We let our thoughts run wild. We’re not paying attention because we’re doing something else or looking at our phone, and, all of a sudden, something pisses us off. Before we know it, an emotion comes out and we’re all fired up. So, you got to learn to move that emotion. Now, what is a big challenge when we get an ambushed emotion? Well, that fires the amygdala, the amygdala, the little almond-sized piece of our brain that has to deal with fight, flight, or freeze.

And the problem with when the amygdala gets fired is it changes the blood flow from the prefrontal cortex, the front of our brain, where executive function and compassion and collaboration live, and put us in a state where cortisol and adrenaline are firing through our veins. Cortisol, so we can just go to the sugars. Adrenaline, so we can get up to speed or whether we’re going to fight or flight. And then we’re not solving anything creatively, and then more emotion can stack on there.

The quickest way to move that, and you have to work on this, is through a box breath is one example. Breathing through the nostril, holding, exhaling, holding. Moving, doing a state change, getting yourself to calm back down from that emotional ambush.

Pete Mockaitis
Okay.
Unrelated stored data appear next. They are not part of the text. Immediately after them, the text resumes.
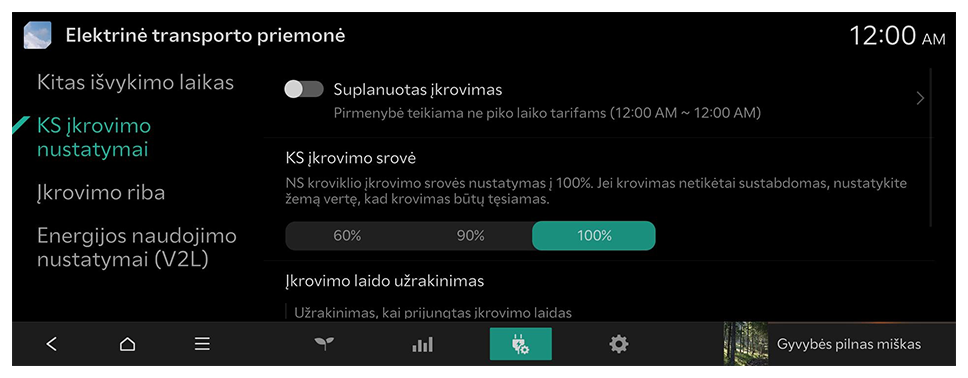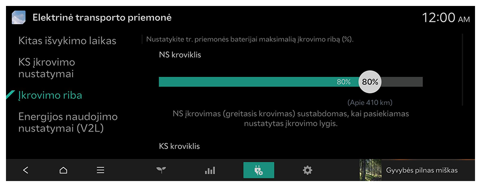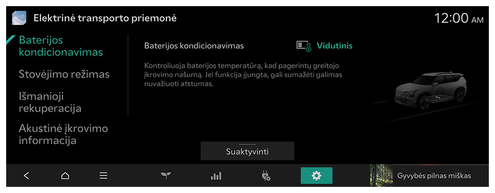 Kontroliuoja baterijos temperatūrą, kad pagerintų greitojo įkrovimo našumą. Jei funkcija įjungta, gali sumažėti galimas nuvažiuoti atstumas.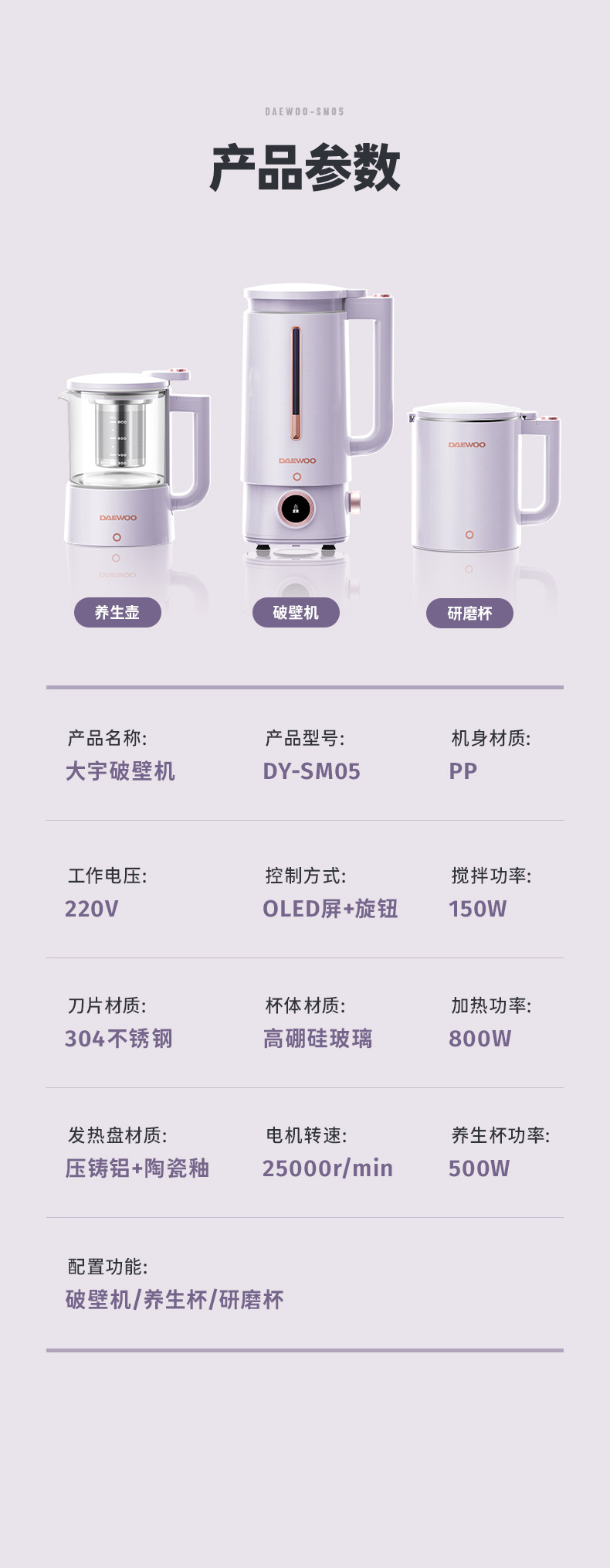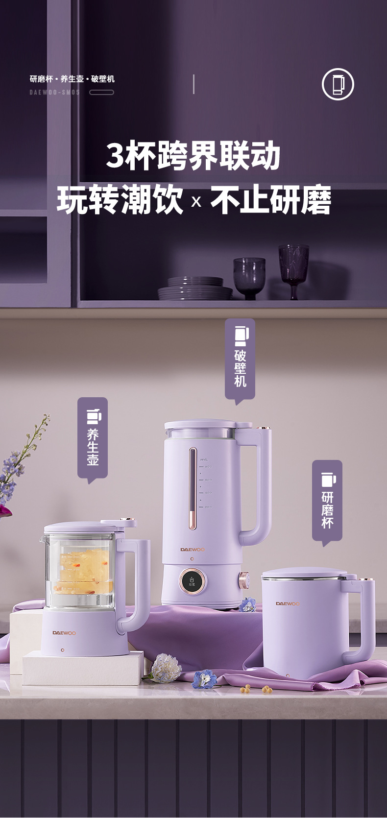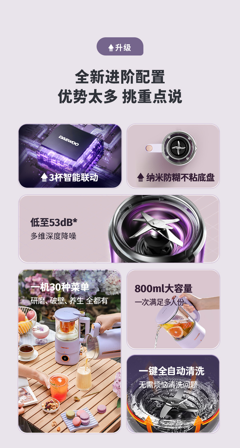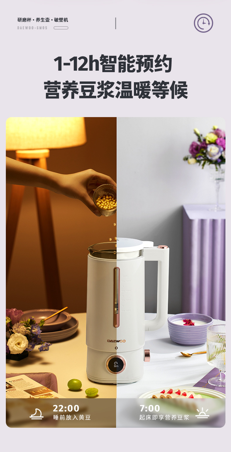 대우 벽부수기 두유 기계 가정용 자동 소형 미니 3 컵 조리기 건강 포트스토어 가기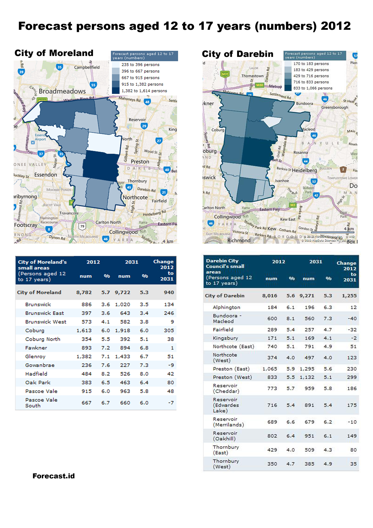 It shows the most secondary school aged persons in Darebin and Moreland are in Preston and Coburg –suburbs which do not have any Years 7-9 co-ed school provision.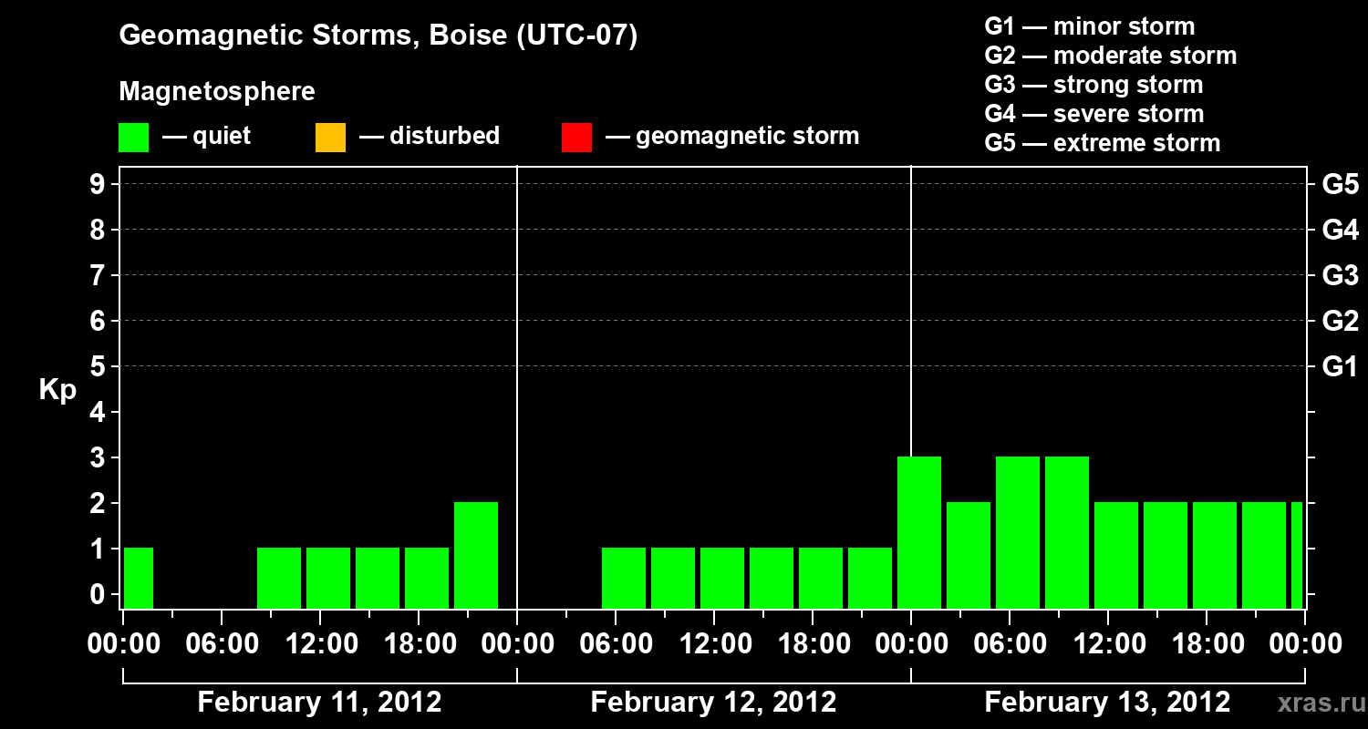Changes in the geomagnetic index Kp from February 11 to 13, 2012 for mid latitudes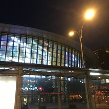 日本の埼玉スーパーアリーナみたいに駅から徒歩で行けて、同じ名前の駅があり、地下鉄駅の目と鼻の先です。交通の便は最高でした。夜でも外観がライトアップされて、広告や映像が流れているので、みていて面白かったです。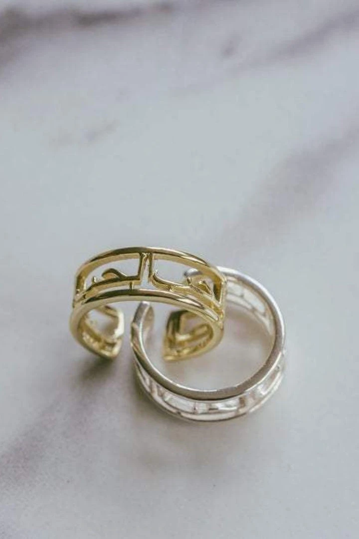 This platinum Love Ring has the word ‘LOVE’ written in Arabic around the ring.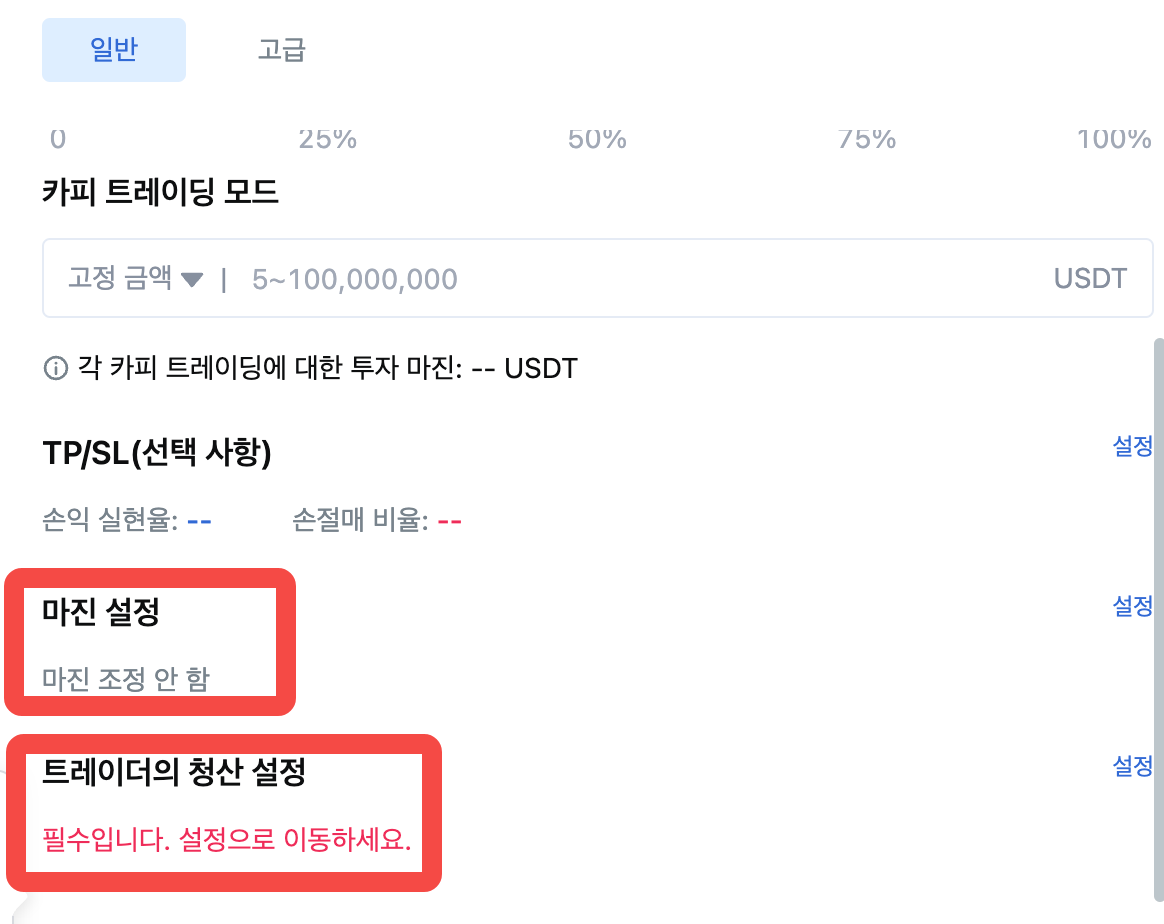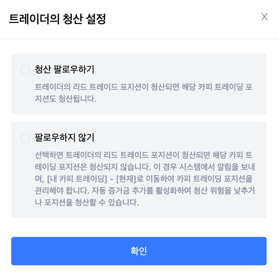- 트레이더의 청산 설정: 트레이더의 리드 거래 포지션이 청산될 때 해당 카피 트레이딩 포지션을 따라 청산하는 [청산 팔로우하기]를 선택하거나, 트레이더의 리드 거래 포지션이 청산될 때 해당 카피 트레이딩 포지션을 따라 청산하지 않는 [팔로우하지 않기]를 선택할 수 있습니다.
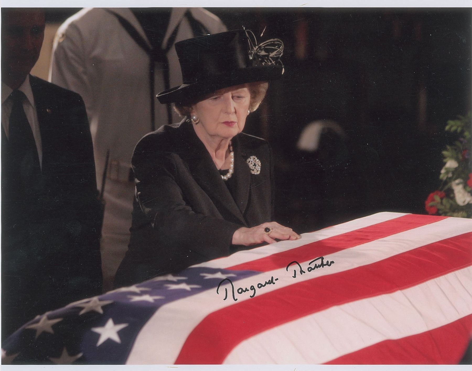 Color glossy 10 x 8 photo of Margaret Thatcher touching the flag-draped coffin of Ronald Reagan, signed in black felt tip. In fine condition.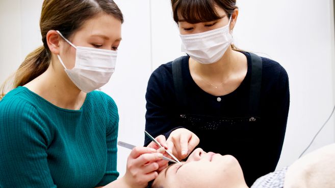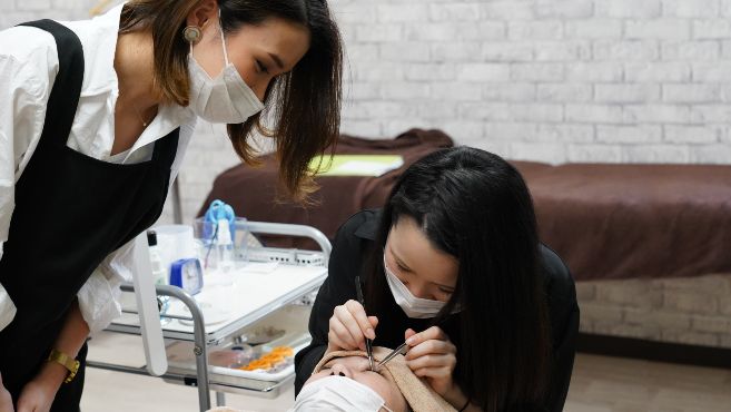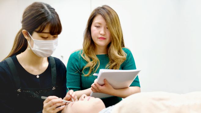 デビュー後も、今注目の「パリジェンヌラッシュリフト」「アイブロウ」「バインドロック」など、最新メニューの研修を

That’s good.

Pete Mockaitis
Well said. Well, tell us, anything else you want to mention before we hear about a few of your favorite things?

Alden Mills
I really want people to understand they are their own best leader. Every single one of us is a leader. We have to lead ourselves to get up in the morning. We have to lead ourselves to listen to this podcast. We have to lead ourselves to decide what we can or can’t do. And you have to lead yourself to decide, “What’s the helpful or hurtful thought? Where am I going to put my focus? And what am I going to decide to believe in?” If you learn to lead yourself through those, watch how many people will learn to lead to follow you.

Pete Mockaitis
All right. Thank you. Now, could you give us a favorite quote, something you find inspiring?

Alden Mills
Of course. Seneca, “Success is a matter of belief.”

Pete Mockaitis
All right. And a favorite book?

Alden Mills
I’m really geeking out on this book right now, “A Calendar of Wisdom” by Leo Tolstoy. Daily little wisdom to get your mind in the right place, your thoughts, your focus, and your beliefs to start the day.

Pete Mockaitis
All right. And a favorite habit?

Alden Mills
Telling my kids I love them.

Pete Mockaitis
All right. And a key nugget you share that really seems to connect and resonate with audiences, something they quote back to you often?

Alden Mills
“Is this helpful or hurtful?”

Pete Mockaitis
All right. And if folks want to learn more or get in touch, where would you point them?

Alden Mills
Alden-Mills.com.

Pete Mockaitis
And do you have a final challenge or call to action for folks looking to be awesome at their jobs?

Alden Mills
Yes. I want you waking up every day asking yourself, “What’s one thing I can do that’s going to push me out of my comfort zone, that’s going to drive me to do something courageous, audacious, something that, over time, will change my life?”

Pete Mockaitis
Beautiful. Alden, this is so powerful. Thank you.

Alden Mills
Pete, great questions. I always love being with you. Keep inspiring, brother.